BEGIN

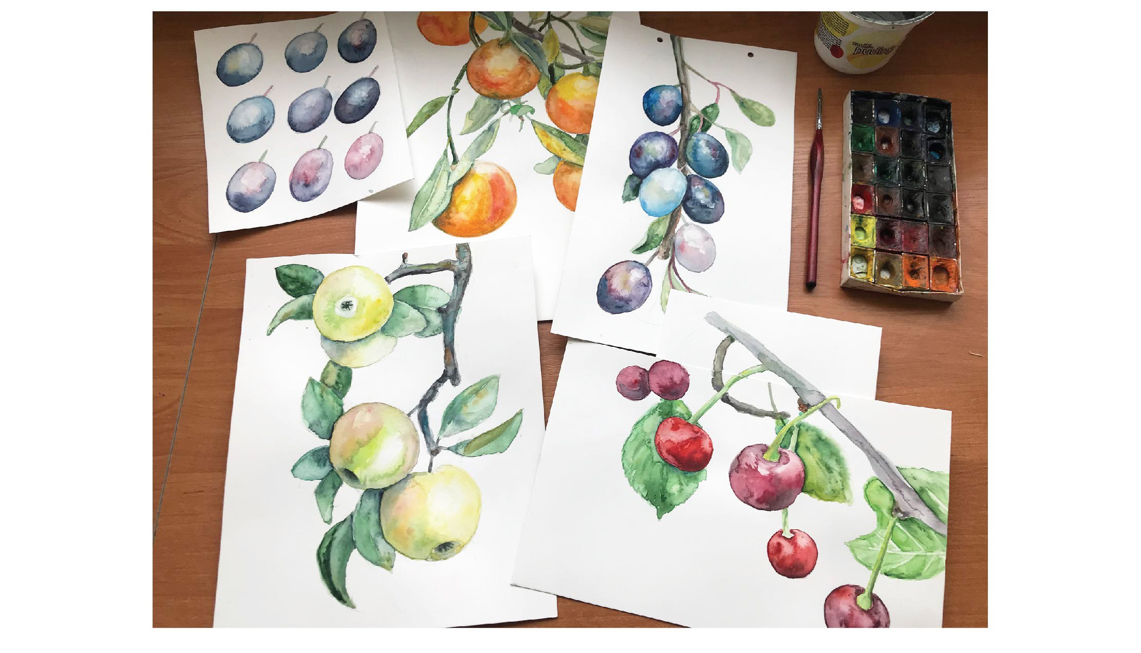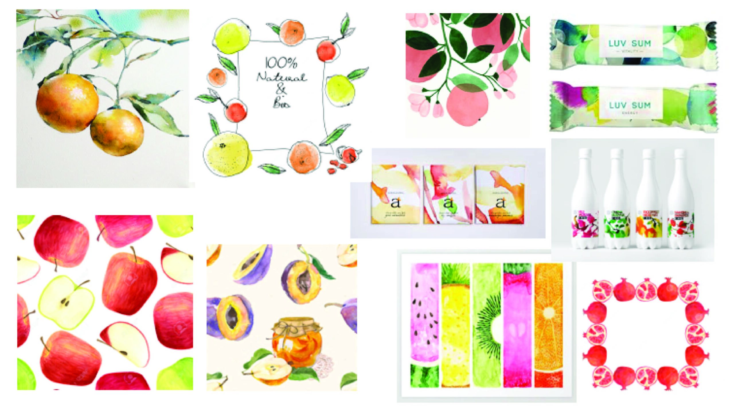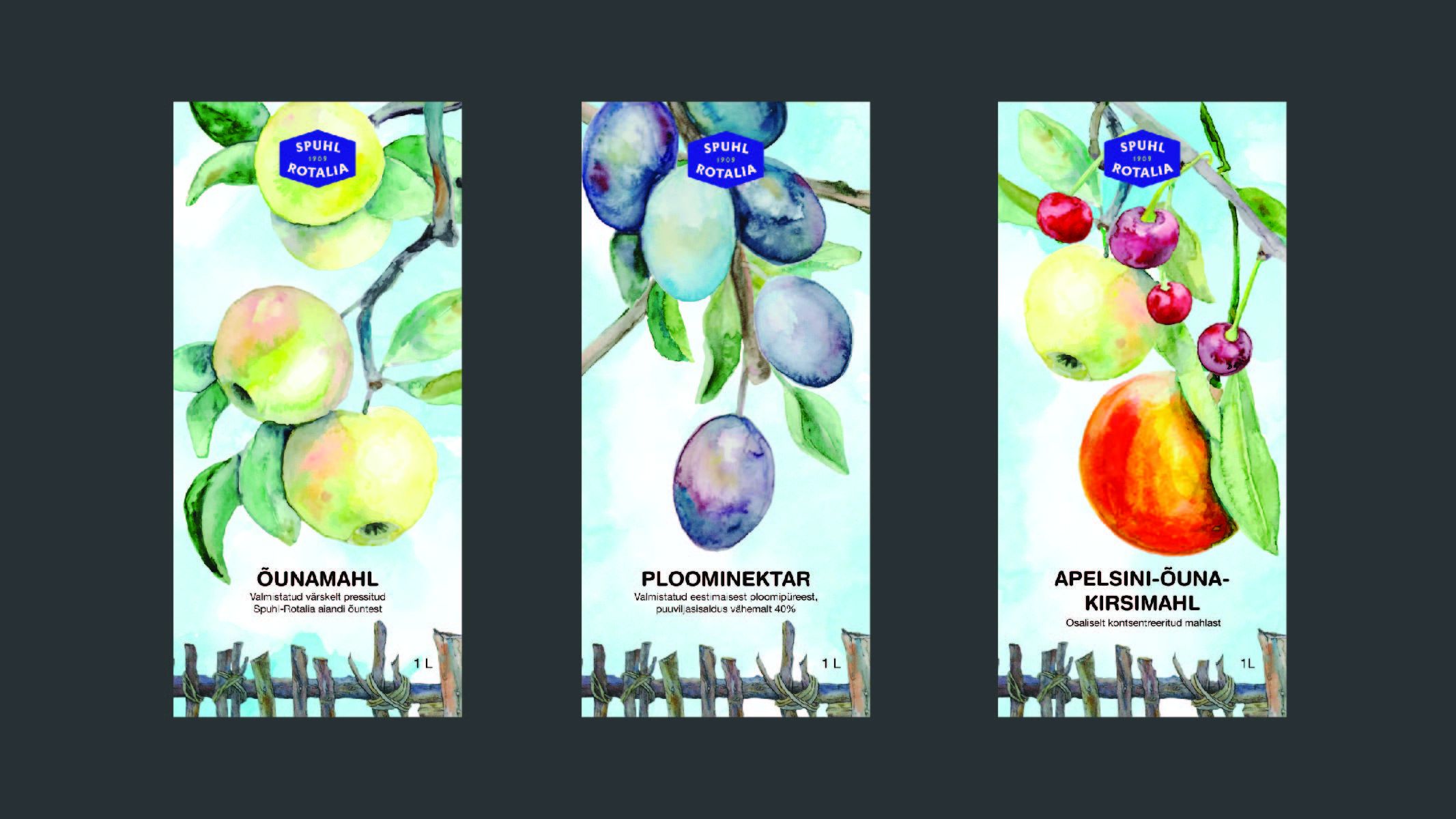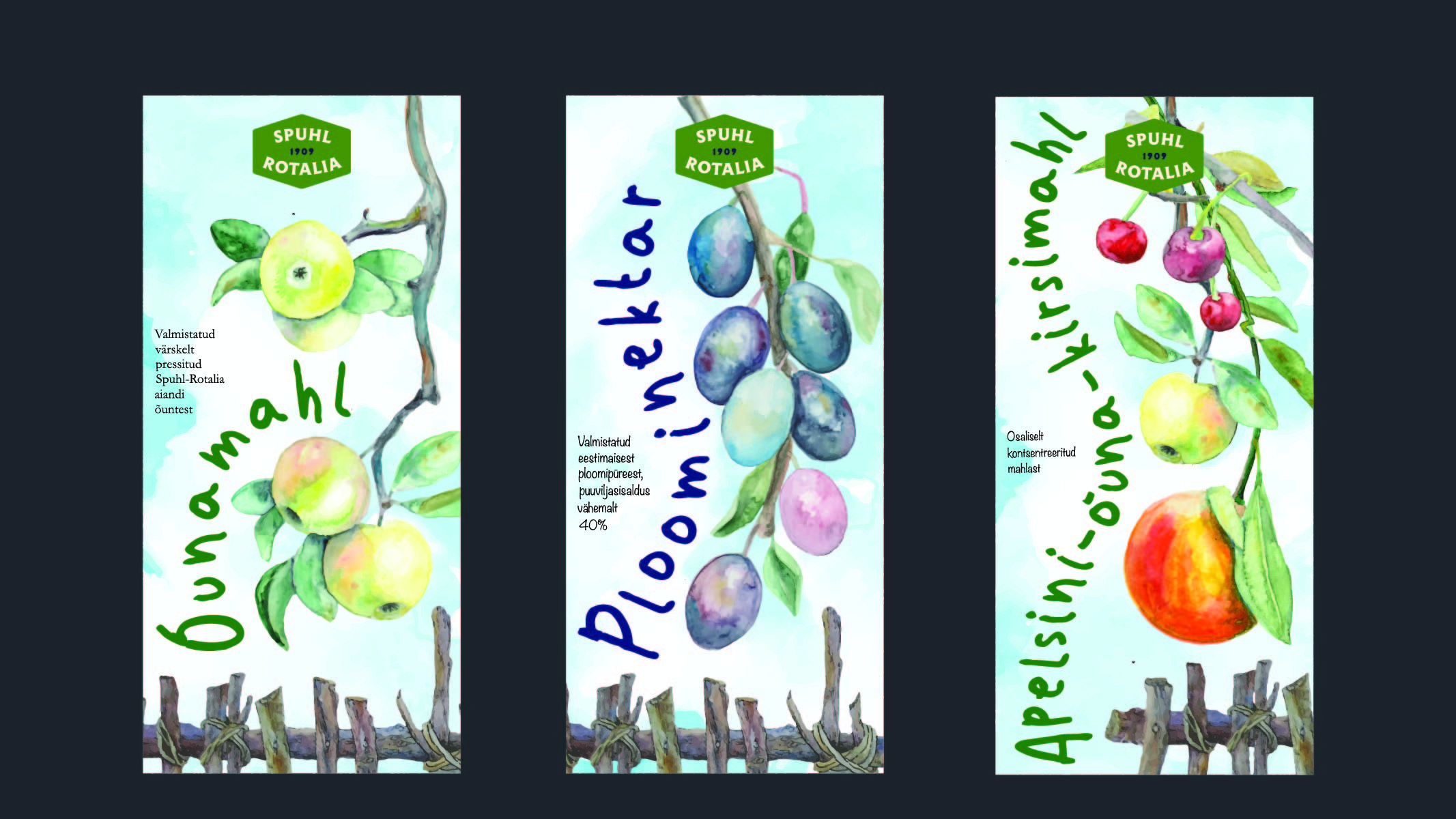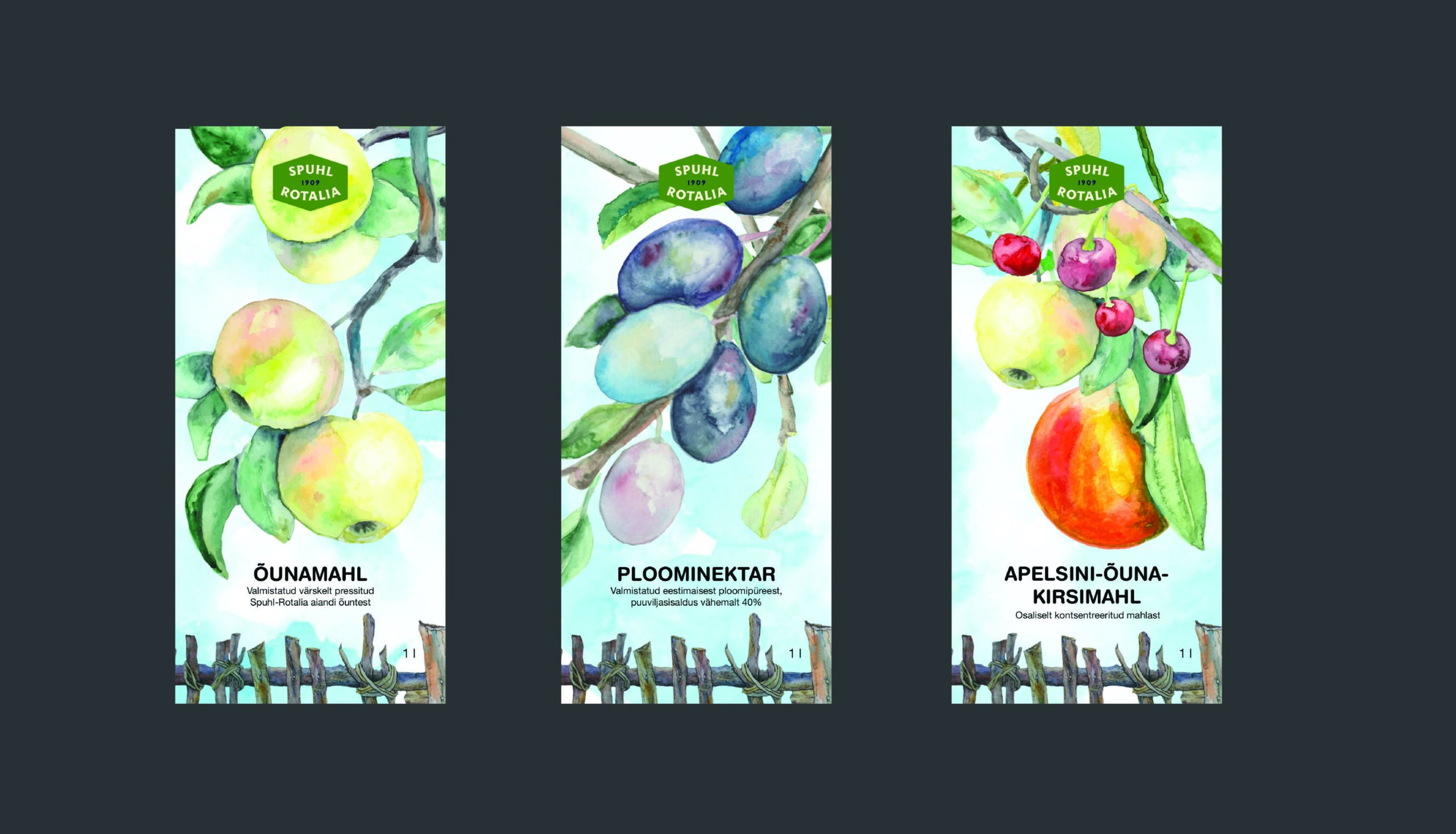 Pakenditel kasutatud puuviljade illustratsioonid tegin ise akvarellidega.
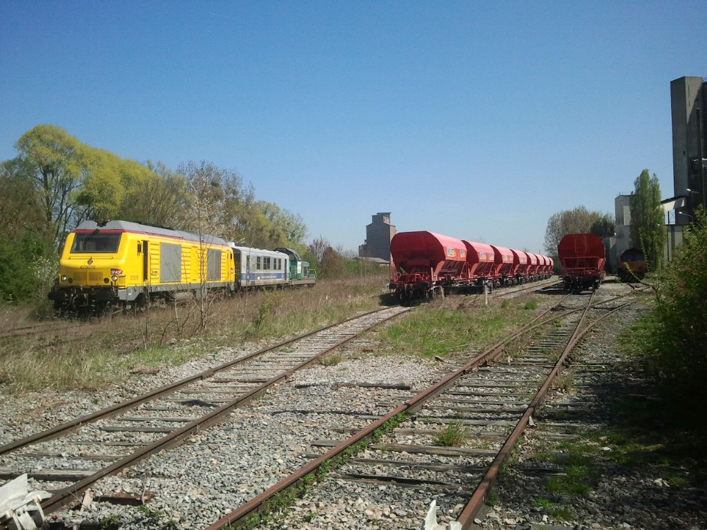 75076 + Mauzin 212 + 69454, Bresles, 22/04/2015 (le train s'est arrêté à l'ITE avant la gare de Bresles, il n'a pas osé aller jusqu'à la gare [où était embranchée la sucrerie] vu l'état de la voie !).
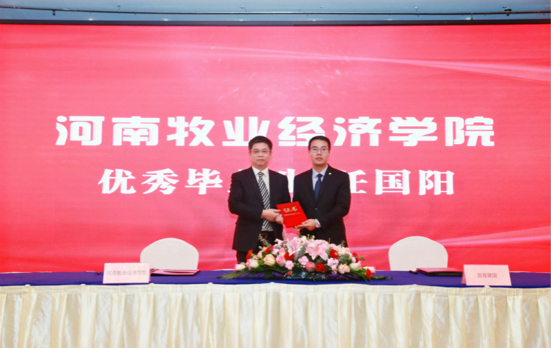 随后,校企双方共同签订合作协议,学校与北京首旅建国酒店管理公司、河南郑地奥体建国饭店领导签订校企合作协议并分别颁发“战略合作企业”、“人才培养基地”牌匾。王德静院长代表pg国际电子网站向奥体建国饭店餐饮总监任国阳颁发“优秀毕业生”荣誉证书,向奥体建国饭店总经理黄宁、郑州建国饭店人力资源总监王芳颁发“客座教授”聘书。在热烈的掌声中,校企合作签约仪式圆满结束。
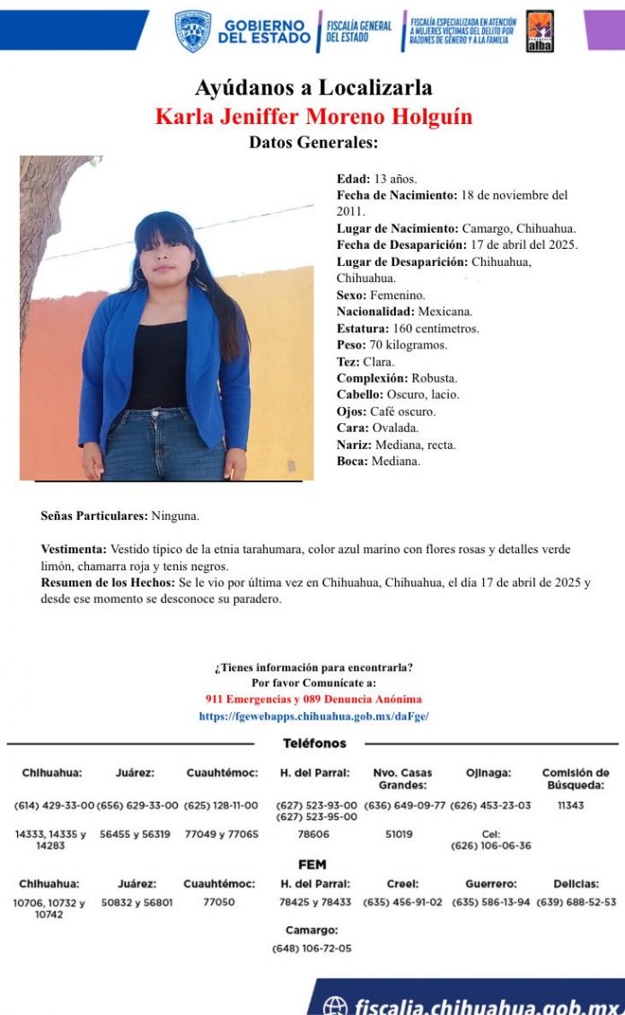 Camargo.- La Fiscalía del Estado de Chihuahua solicita la colaboración de la ciudadanía para localizar a Karla Jeniffer Moreno Holguín, de 13 años de edad, quien desapareció el pasado 17 de abril de 2025 en la ciudad de Chihuahua.
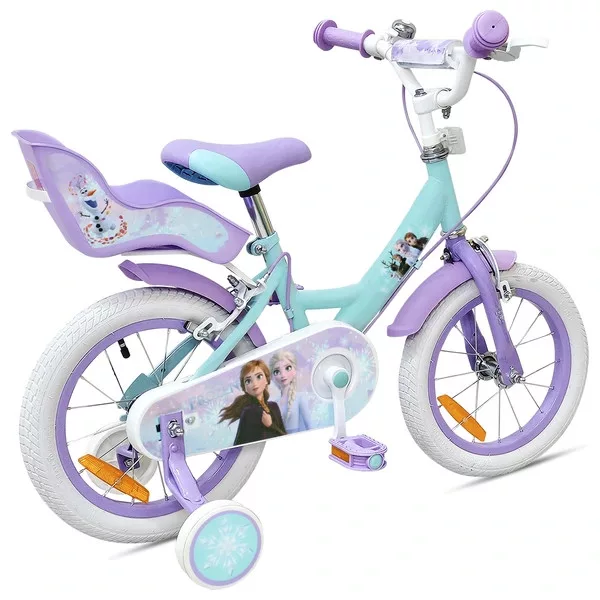 Ez a 14 colos, pótkerekes gyermekkerékpár a Disney Jégvarázs című filmjének Anna és Elsa motívumaival díszített. Türkiz és lila színben első pillantásra egyértelmű: ez egy Jégvarázs kerékpár. Tökéletes választás a filmek rajongóinak, a kis hercegnőknek vagy a nyugtató színeket kedvelő kezdő kerékpárosoknak.
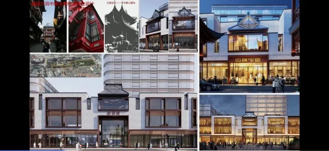 最近完成的豫园方浜中路金豫商厦再生设计,对豫园历史环境的建控地段进行了批判性品质提升,把豫园、城隍庙和豫园商城的歇山顶造型,以及豫园周边历史上的黛瓦粉墙风貌,以现代的方式进行表达。
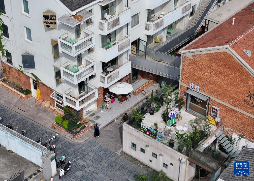 工人在对小西湖街区一处房屋进行改造(4月1日摄,无人机照片)。

END

Work task. No pictures go in the copy. Output exactly the lines from the line containing "最近完成的豫园方浜中路金豫商" through the end of the listing above.

Task answer.
 最近完成的豫园方浜中路金豫商厦再生设计,对豫园历史环境的建控地段进行了批判性品质提升,把豫园、城隍庙和豫园商城的歇山顶造型,以及豫园周边历史上的黛瓦粉墙风貌,以现代的方式进行表达。
 工人在对小西湖街区一处房屋进行改造(4月1日摄,无人机照片)。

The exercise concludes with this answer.